Generate nested count/percent for two or three levels

Description

This will call freq() multiple times and combine the levels together. This is useful for adverse event and concomitant mediations.

Usage

nested_freq(
  df,
  denom_df = df,
  colvar = NULL,
  tablebyvar = NULL,
  rowvar = NULL,
  rowbyvar = NULL,
  statlist = getOption("tidytlg.nested_freq.statlist.default"),
  decimal = 1,
  cutoff = NULL,
  cutoff_stat = "pct",
  subset = TRUE,
  descending_by = NULL,
  display_missing = FALSE,
  rowtext = NULL,
  row_header = NULL,
  .keep = TRUE,
  .ord = FALSE,
  ...
)

Arguments

`df`	(required) dataframe containing the two levels to summarize
`denom_df`	(optional) dataframe containing records to use as the denominator (default = df)
`colvar`	(required) treatment variable within df to use to summarize
`tablebyvar`	(optional) repeat entire table by variable within df.
`rowvar`	(required) nested levels separated by a star, for example AEBODSYS*AEDECOD, this can handle up to three levels.
`rowbyvar`	(optional) repeat `rowvar` by variable within df
`statlist`	(optional) count/percent type to return (default = "n (x.x)")
`decimal`	(optional) decimal precision root level (default = 1)
`cutoff`	(optional) numeric value used to cut the data to a percentage threshold, if any column meets the threshold the entire record is kept.
`cutoff_stat`	(optional) The value to cutoff by, n or pct. (default = 'pct')
`subset`	(optional) An R expression that will be passed to a `dplyr::filter()` function to subset the data.frame
`descending_by`	(optional) The column or columns to sort descending values by. Can also provide a named list to do ascending order. ex. c("VarName1" = "asc", "VarName2" = "desc") would sort by VarName1 in ascending order and VarName2 in descending order. If not provided, the columns will be sorted alphabetically.
`display_missing`	(optional) Should the "missing" values be displayed? (default = FALSE)
`rowtext`	(optional) A character vector used to rename the `label` column. If named, names will give the new level and values will be the replaced value. If unnamed, and the table has only one row, the `rowtext` will rename the `label` of the row.
`row_header`	(optional) A character vector to be added to the table.
`.keep`	(optional) Should the `rowbyvar` and `tablebyvar` be output in the table. If FALSE, `rowbyvar` will still be output in the `label` column. (default = TRUE)
`.ord`	Should the ordering columns be output with the table? This is useful if a table needs to be merged or reordered in any way after build.
`...`	(optional) Named arguments to be included as columns on the table.

Value

A dataframe of nested results by colvar and optional tablebyvar. There are a few additional variable sets added to support multiple requirements.

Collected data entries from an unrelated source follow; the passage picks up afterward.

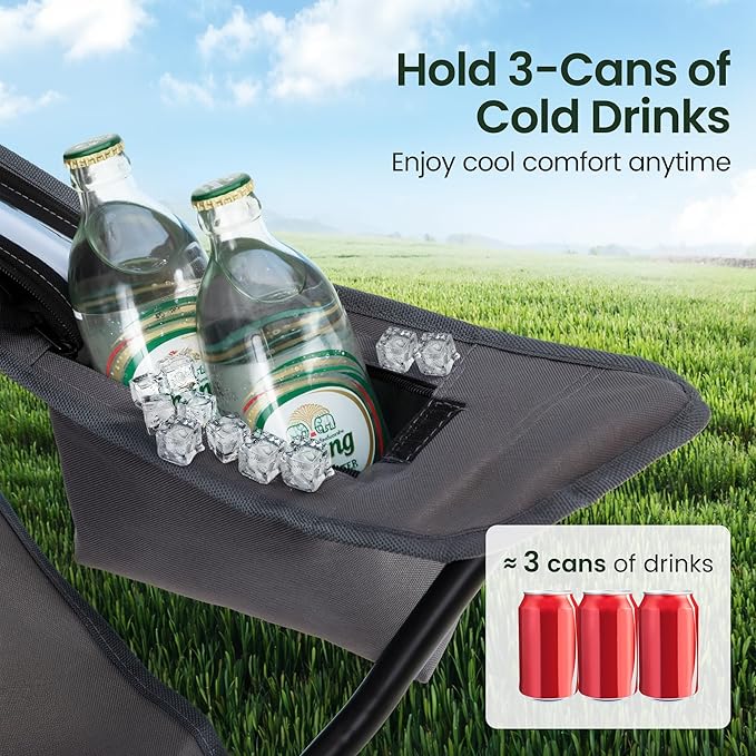 • Convenient Storage:Armrest with a durable mesh cup holder makes your hands free, while the cup holder supports your drinks and prevents spills. Cooler bag and mesh cup holder design will keep your drink cool on a hot summer! Side storage pocket storage your phone, magazine or larger items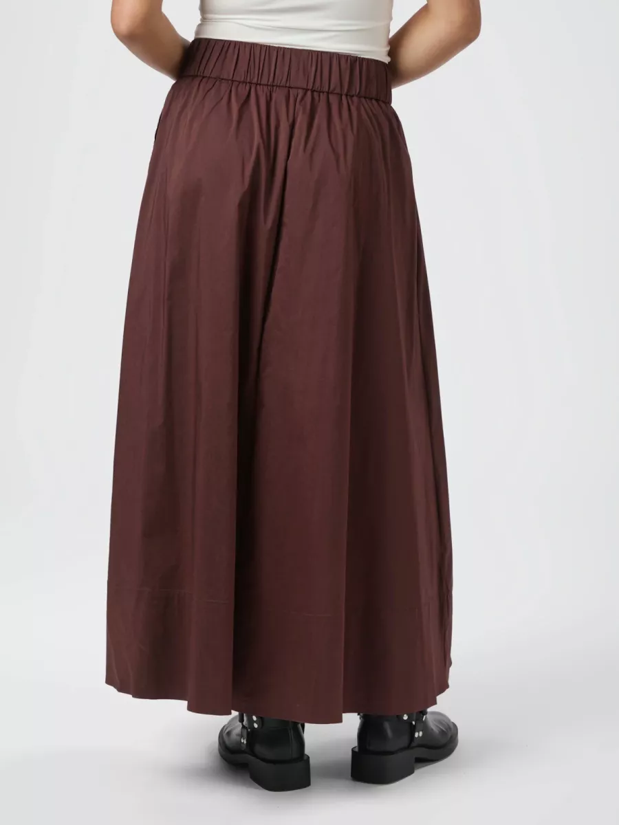 Midi-lengte rok in een zachte poplin kwaliteit, die halverwege de kuit stopt, met een hoge elastische tailleband en zakken aan de voorkant.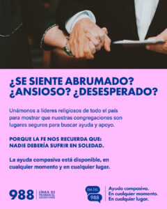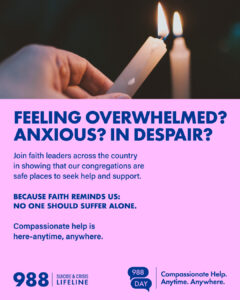 - Host a 988 Day event at your place of worship: prayer service, discussion group, or community meal focused on mental health and hope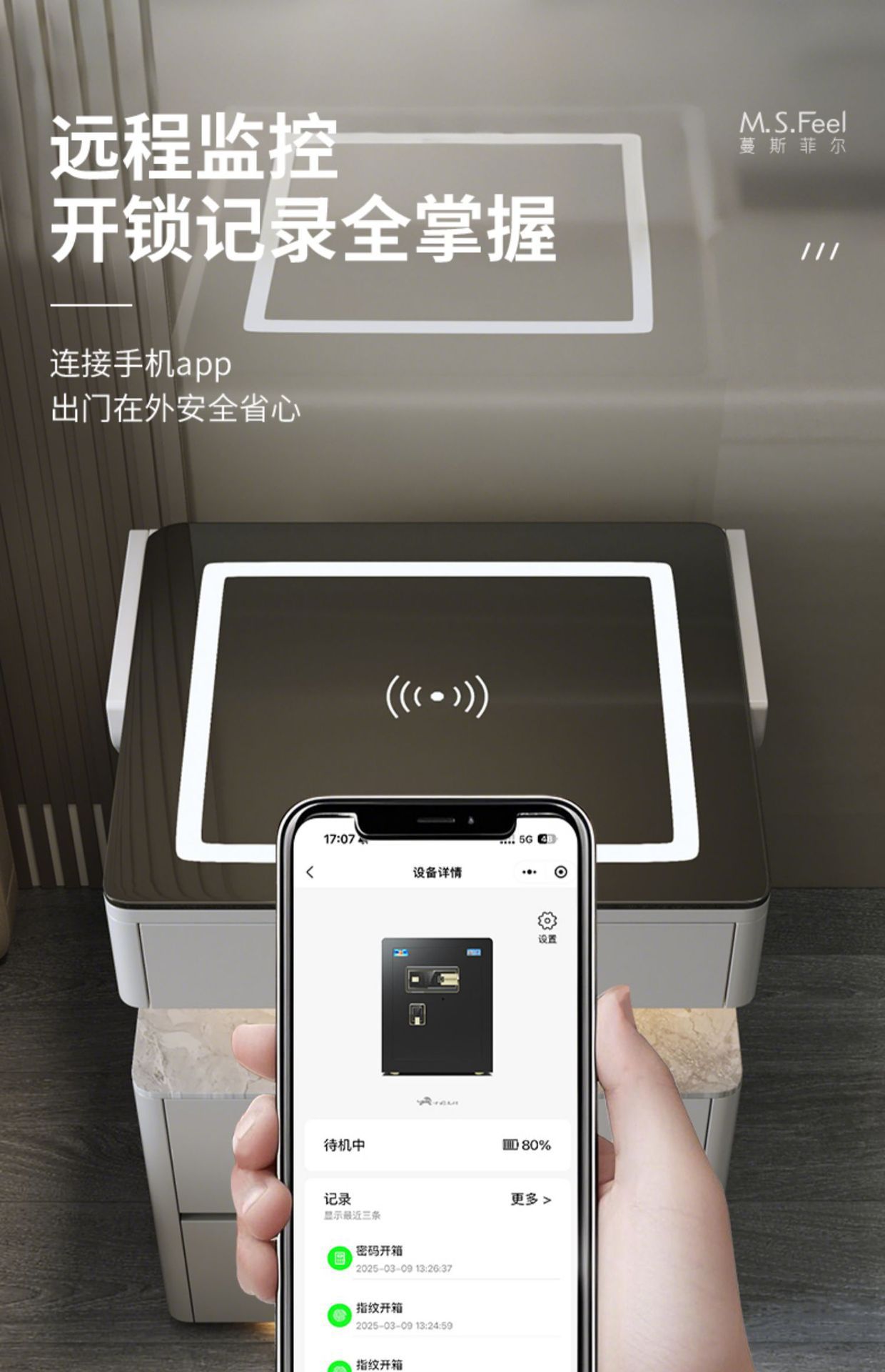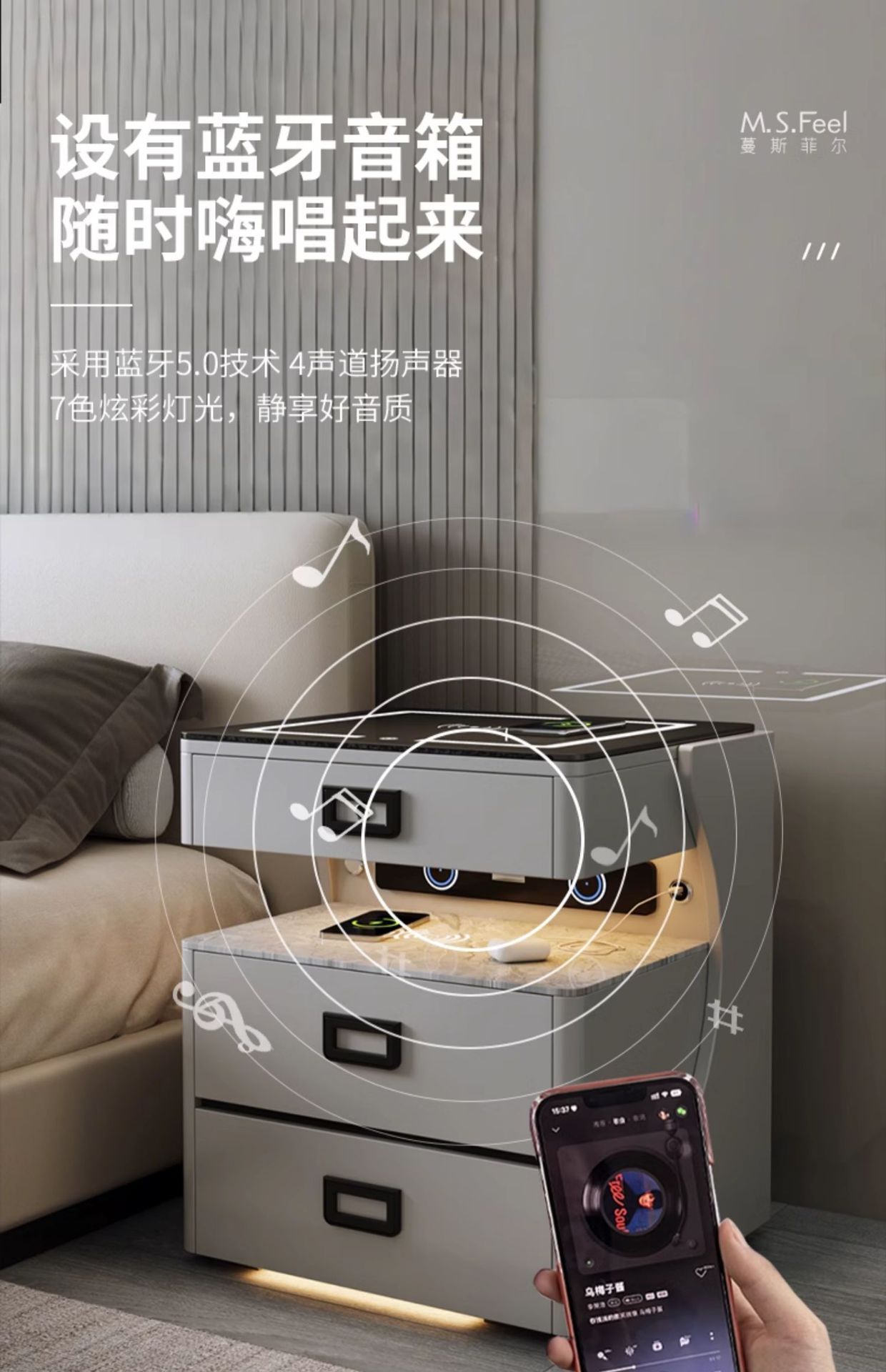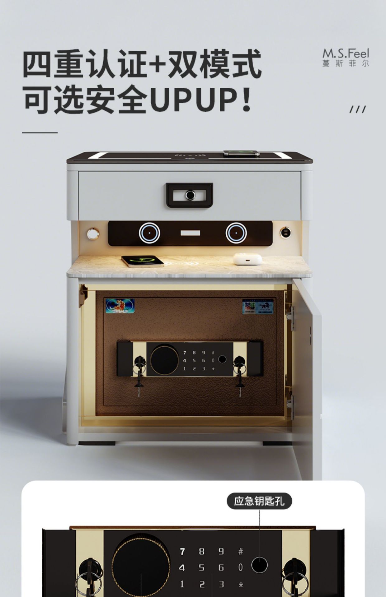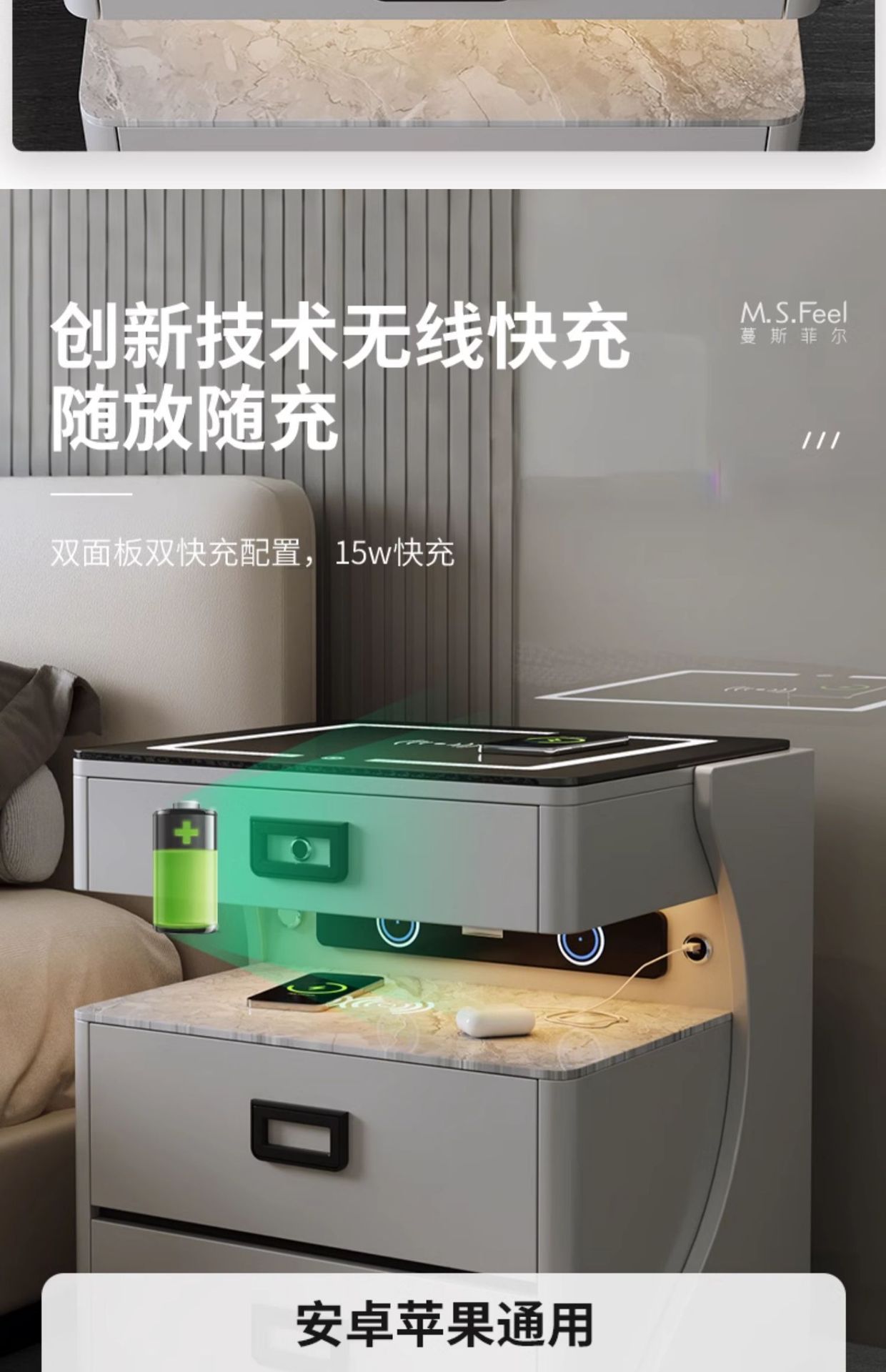 智能床头柜保险箱一体高级轻奢带蓝牙2025新款家用卧室床边收纳柜
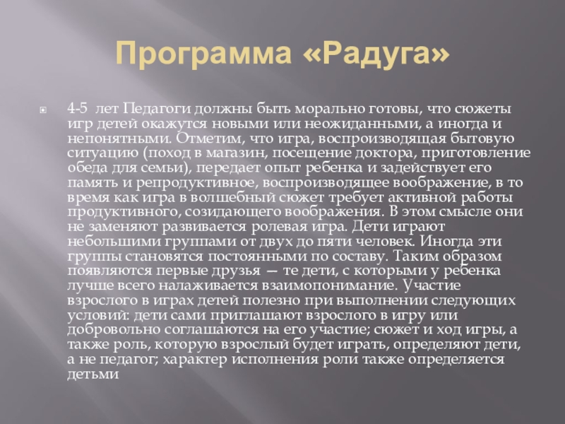 детей окажутся новыми или неожиданными, а иногда и непонятными. Отметим, что игра, воспроизводящая бытовую ситуацию (поход в магазин, посещение доктора, приготовление обеда для семьи), передает опыт ребенка и задействует его память и репродуктивное, воспроизводящее воображение, в то время как игра в волшебный сюжет требует активной работы продуктивного, созидающего воображения. В этом смысле они не заменяют развивается ролевая игра. Дети играют небольшими группами от двух до пяти человек. Иногда эти группы становятся постоянными по составу. Таким образом появляются первые друзья — те дети, с которыми у ребенка лучше всего налаживается взаимопонимание. Участие взрослого в играх детей полезно при выполнении следующих условий: дети сами приглашают взрослого в игру или добровольно соглашаются на его участие; сюжет и ход игры, а также роль, которую взрослый будет играть, определяют дети, а не педагог; характер исполнения роли также определяется детьми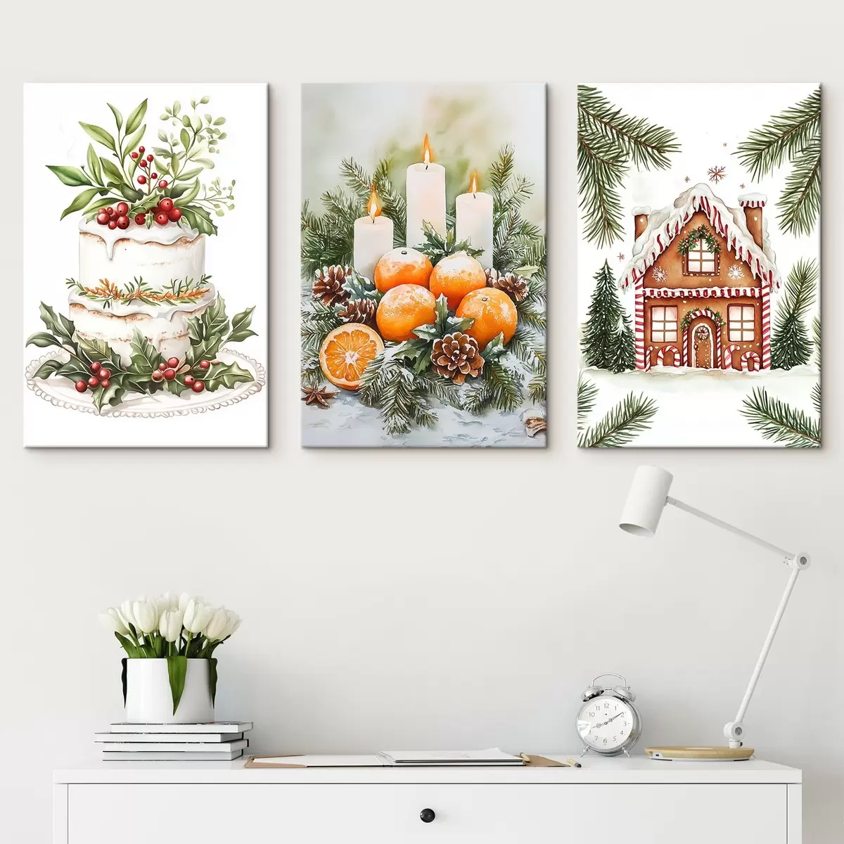 Obraz Vianočné ozdoby, rýchly koláč, perník, pomaranče a sviečky, akvarelový štýl Nr. m00385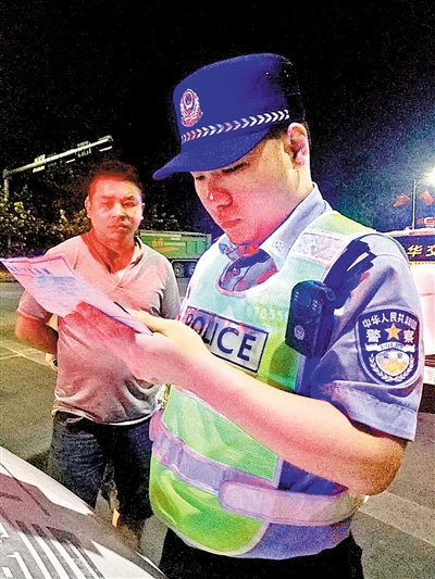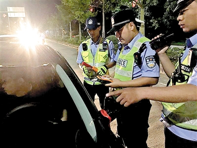 郑艺在“猎虎”行动中给司机测酒精含量。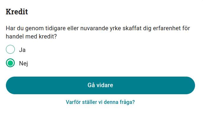 Fråga 3: Har du genom tidigare eller nuvarande yrke skaffat dig erfarenhet för handel med kredit?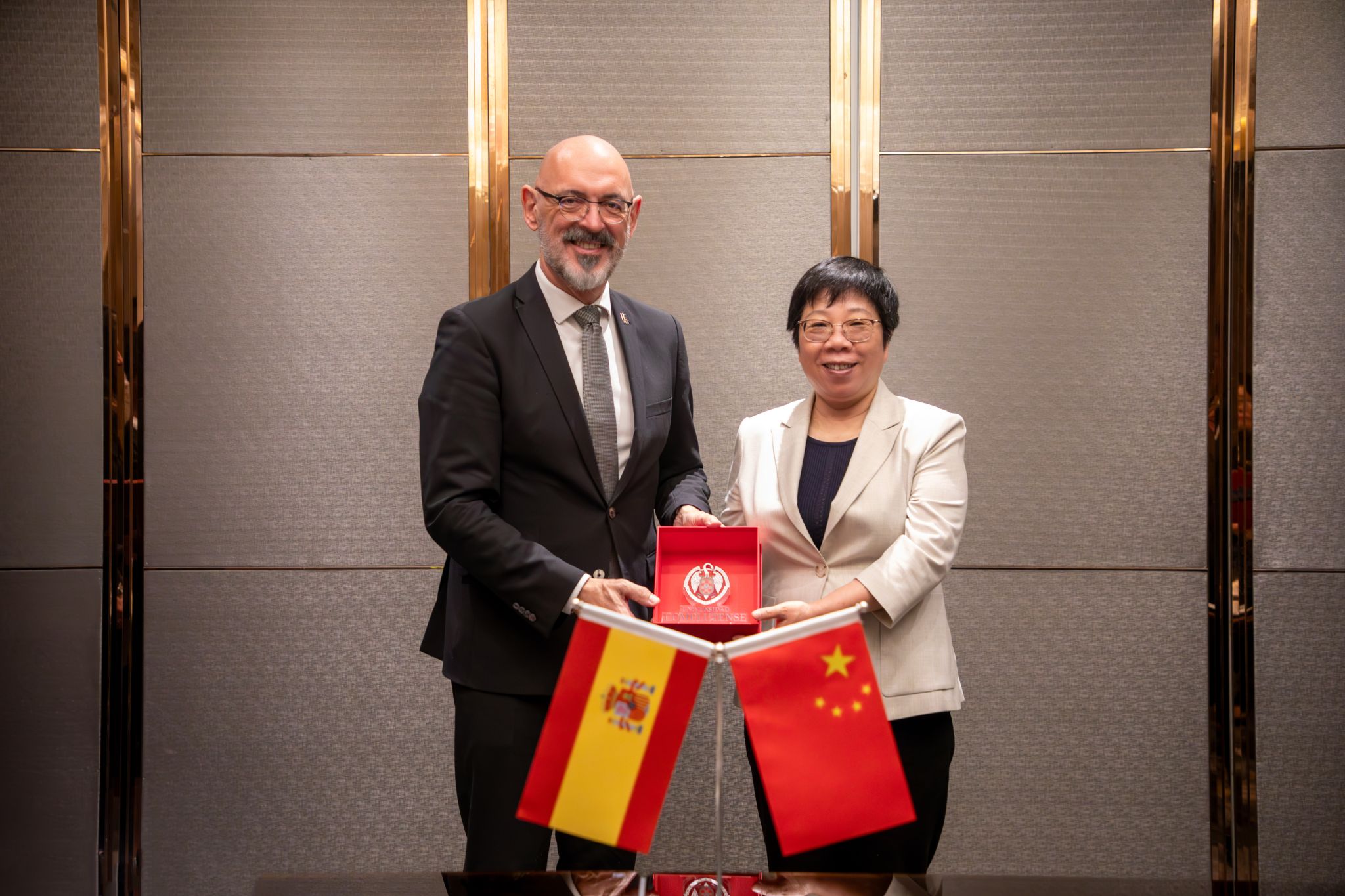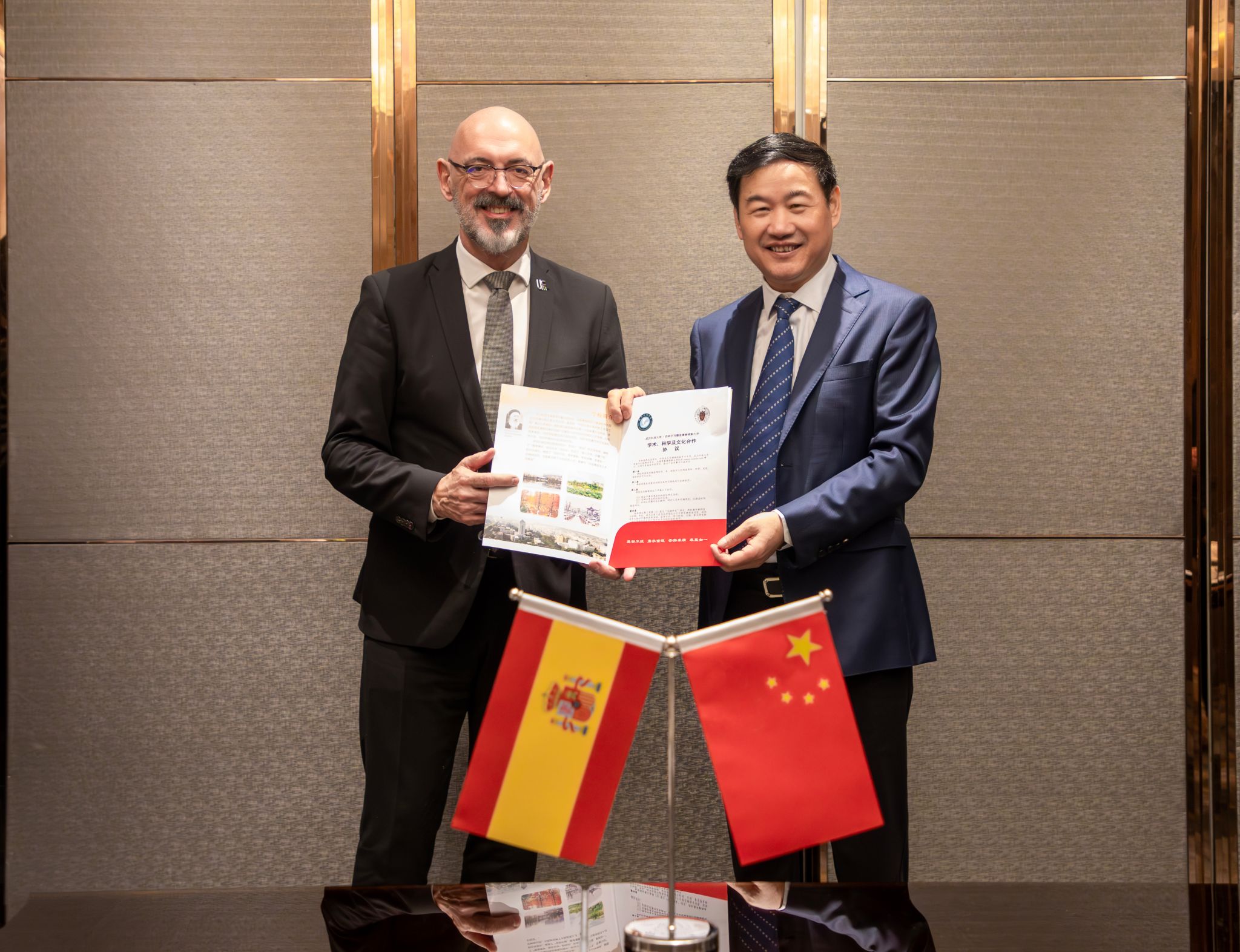 湖北省教育厅厅长周静与马德里康普顿斯大学校长合影

The level variables (level1_, level2_, level3_) will carry down the counts for each level to every record. This allows for easy sorting of nested groups.

The header variables (header1, header2, header3) will flag the header for each level to ensure each level header is sorted to the top of the level.

The n variables ("n_") provide a numeric variable containing frequency for each colvar. This can be used to sort and filter records.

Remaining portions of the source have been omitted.